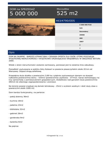 DOM na SPRZEDAŻ 5 000 000 Moczydłów 525 m2 463/4790/ODS 5 000 000 PLN 525 Secondary 26900 460 2007 2 7 Opis DOM NA SKARPIE - BARDZO ATRAKCYJNA I CIEKAWA OFERTA DLA OSÓB, KTÓRE POSZUKUJĄ WYJĄTKOWEJ NIERUCHOMOŚCI I WYJĄTKOWO URZEKAJĄCEGO KRAJOBRAZU W OBSZARZE NATURA 2000. Widok z okien nieruchomości zostanie zachowany, ponieważ jest to ostatnia linia zabudowy. Posiadłość usytuowana w pobliżu Góry Kalwarii w powiecie piaseczyńskim około 20 km od Warszawy. Dojazd drogą asfaltową. Przepiękna duża działka o powierzchni 3,69 ha z pięknie usytuowanym domem na skarpie! Całkowita powierzchnia domu – 525m2 (powierzchnia użytkowa – 377m2). Garaż wolnostojący na trzy samochody z pomieszczeniem gospodarczym. Dodatkowo nad garażem duża powierzchnia (85m2) do własnego zagospodarowania i aranżacji. Na terenie posesji znajduje się domek letniskowy - 25m2 z oczkiem wodnym i dość duży staw o powierzchni około 1000 m2. Dom bardzo funkcjonalny, na parterze: - pokój dzienny 36m2 - kuchnia 19m2 - jadalnia 23m2 - biblioteka 32m2 - gabinet 26m2 - garderoba 9m2 - łazienka 6m2 Na piętrze: A.Drągowski Sp. z o.o. - cztery sypialnie - 37m2, 16m2, 16m2 i 15m2 - garderoba 15m2 - dwie łazienki – 14m2 i 6m2 Ogrzewanie gazowe (piec Vaillant), podpiwniczony taras. Treść niniejszego ogłoszenia nie stanowi oferty handlowej w rozumieniu Kodeksu Cywilnego. Agnieszka Andruszkiewicz tel. 694151938 email: [email protected] A.Drągowski Sp. z o.o. Powered by TCPDF (www.tcpdf.org)
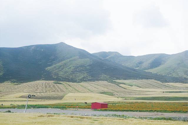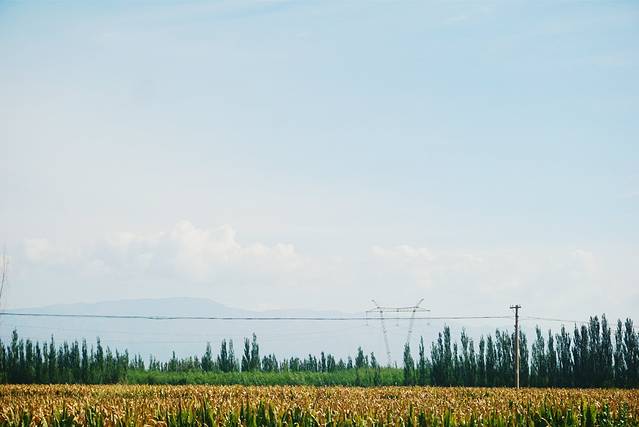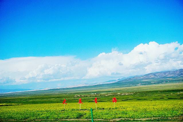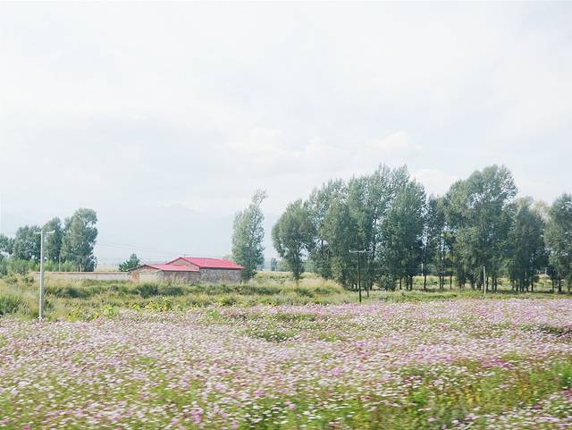从张掖丹霞地质公园出来之后我们便回宾馆收拾行李离开张掖,一路行驶在国道227上,风景还是很不错的,路的两边种了很多花朵、大片的玉米地及麦田。只不过我们今天要赶回西宁就没有停留,而且两旁都被树挡住了,所以就没有拍什么照片。
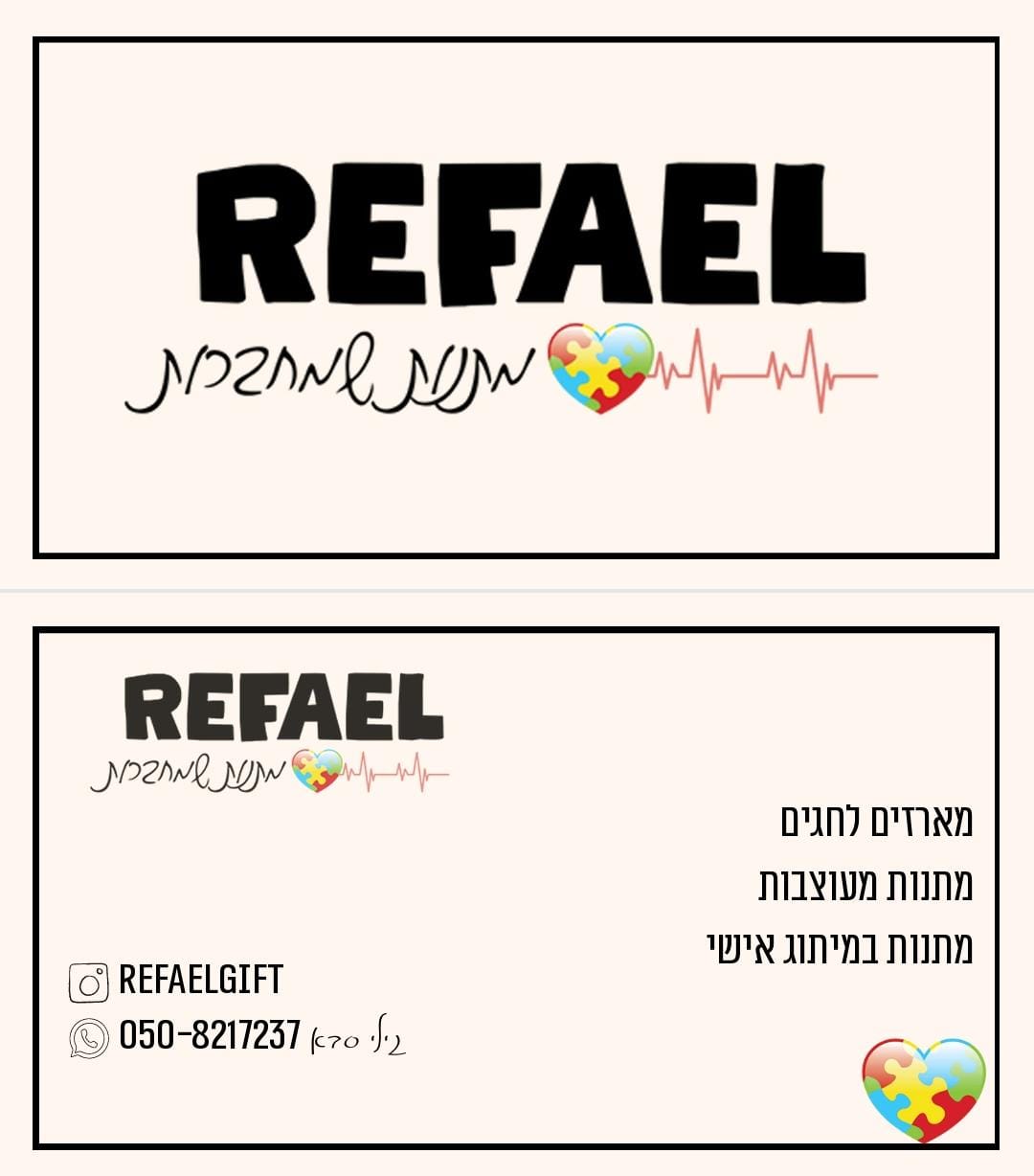 “רפאל מתנות שמחברות” הוא הרבה יותר מעסק ליצירת מתנות ממותגות. זהו סיפור על אהבה, על אמונה, ועל הרצון לבנות לרפאל בני המיוחד עתיד תעסוקתי שיש בו משמעות, גאווה ושייכות אמיתית. העסק נולד מתוך חלום פשוט אך גדול: לאפשר לרפאל לגלות את היכולות שלו, לקחת חלק אמיתי בעשייה, ולדעת שיש לו מקום בעולם שמחבק אותו בדיוק כפי שהוא. היום רפאל משתלב בשלבי עבודה קטנים הדבקה, צילום, מיון אבל בעיקר הוא זוכה למה שכל ילד ובוגר זקוק לו: תחושת שייכות, ערך ומקום. ובעזרת האמונה והדרך שנבנית צעד צעד, אני יודעת שיום אחד הוא לא רק ישתתף בעסק הוא יהיה הפנים שלו. כי אצלנו, כל מתנה היא הרבה יותר ממוצר. כל מתנה היא חיבורים: חיבור בין הלב של מי שמכין לבין הלב של מי שמקבל, וחיבור בין עולמו של ילד מיוחד לבין הקהילה שסביבו.
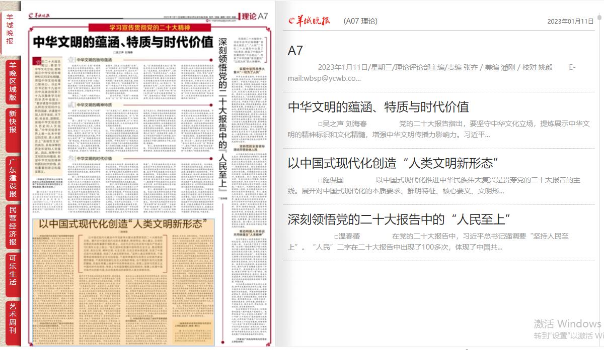 (马克思主义学院 供稿)2023年1月11日《羊城晚报》理论版(A7版)刊登了m88马克思主义学院温春蕾老师撰写的题为《深刻领悟党的二十大报告中的“人民至上”》理论文章。
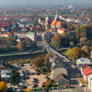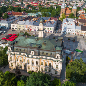 Nowy Sacz, Rynek Starego Miasta. EU, Pl, Malopolska. Lotnicze.

- Brief: Would you copy all of the data exactly? Keep the pictures out of it.

- Reply to the exercise:
 DOM na SPRZEDAŻ 5 000 000 Moczydłów 525 m2 463/4790/ODS 5 000 000 PLN 525 Secondary 26900 460 2007 2 7 Opis DOM NA SKARPIE - BARDZO ATRAKCYJNA I CIEKAWA OFERTA DLA OSÓB, KTÓRE POSZUKUJĄ WYJĄTKOWEJ NIERUCHOMOŚCI I WYJĄTKOWO URZEKAJĄCEGO KRAJOBRAZU W OBSZARZE NATURA 2000. Widok z okien nieruchomości zostanie zachowany, ponieważ jest to ostatnia linia zabudowy. Posiadłość usytuowana w pobliżu Góry Kalwarii w powiecie piaseczyńskim około 20 km od Warszawy. Dojazd drogą asfaltową. Przepiękna duża działka o powierzchni 3,69 ha z pięknie usytuowanym domem na skarpie! Całkowita powierzchnia domu – 525m2 (powierzchnia użytkowa – 377m2). Garaż wolnostojący na trzy samochody z pomieszczeniem gospodarczym. Dodatkowo nad garażem duża powierzchnia (85m2) do własnego zagospodarowania i aranżacji. Na terenie posesji znajduje się domek letniskowy - 25m2 z oczkiem wodnym i dość duży staw o powierzchni około 1000 m2. Dom bardzo funkcjonalny, na parterze: - pokój dzienny 36m2 - kuchnia 19m2 - jadalnia 23m2 - biblioteka 32m2 - gabinet 26m2 - garderoba 9m2 - łazienka 6m2 Na piętrze: A.Drągowski Sp. z o.o. - cztery sypialnie - 37m2, 16m2, 16m2 i 15m2 - garderoba 15m2 - dwie łazienki – 14m2 i 6m2 Ogrzewanie gazowe (piec Vaillant), podpiwniczony taras. Treść niniejszego ogłoszenia nie stanowi oferty handlowej w rozumieniu Kodeksu Cywilnego. Agnieszka Andruszkiewicz tel. 694151938 email: [email protected] A.Drągowski Sp. z o.o. Powered by TCPDF (www.tcpdf.org)
从张掖丹霞地质公园出来之后我们便回宾馆收拾行李离开张掖,一路行驶在国道227上,风景还是很不错的,路的两边种了很多花朵、大片的玉米地及麦田。只不过我们今天要赶回西宁就没有停留,而且两旁都被树挡住了,所以就没有拍什么照片。
 “רפאל מתנות שמחברות” הוא הרבה יותר מעסק ליצירת מתנות ממותגות. זהו סיפור על אהבה, על אמונה, ועל הרצון לבנות לרפאל בני המיוחד עתיד תעסוקתי שיש בו משמעות, גאווה ושייכות אמיתית. העסק נולד מתוך חלום פשוט אך גדול: לאפשר לרפאל לגלות את היכולות שלו, לקחת חלק אמיתי בעשייה, ולדעת שיש לו מקום בעולם שמחבק אותו בדיוק כפי שהוא. היום רפאל משתלב בשלבי עבודה קטנים הדבקה, צילום, מיון אבל בעיקר הוא זוכה למה שכל ילד ובוגר זקוק לו: תחושת שייכות, ערך ומקום. ובעזרת האמונה והדרך שנבנית צעד צעד, אני יודעת שיום אחד הוא לא רק ישתתף בעסק הוא יהיה הפנים שלו. כי אצלנו, כל מתנה היא הרבה יותר ממוצר. כל מתנה היא חיבורים: חיבור בין הלב של מי שמכין לבין הלב של מי שמקבל, וחיבור בין עולמו של ילד מיוחד לבין הקהילה שסביבו.
 (马克思主义学院 供稿)2023年1月11日《羊城晚报》理论版(A7版)刊登了m88马克思主义学院温春蕾老师撰写的题为《深刻领悟党的二十大报告中的“人民至上”》理论文章。
 Nowy Sacz, Rynek Starego Miasta. EU, Pl, Malopolska. Lotnicze.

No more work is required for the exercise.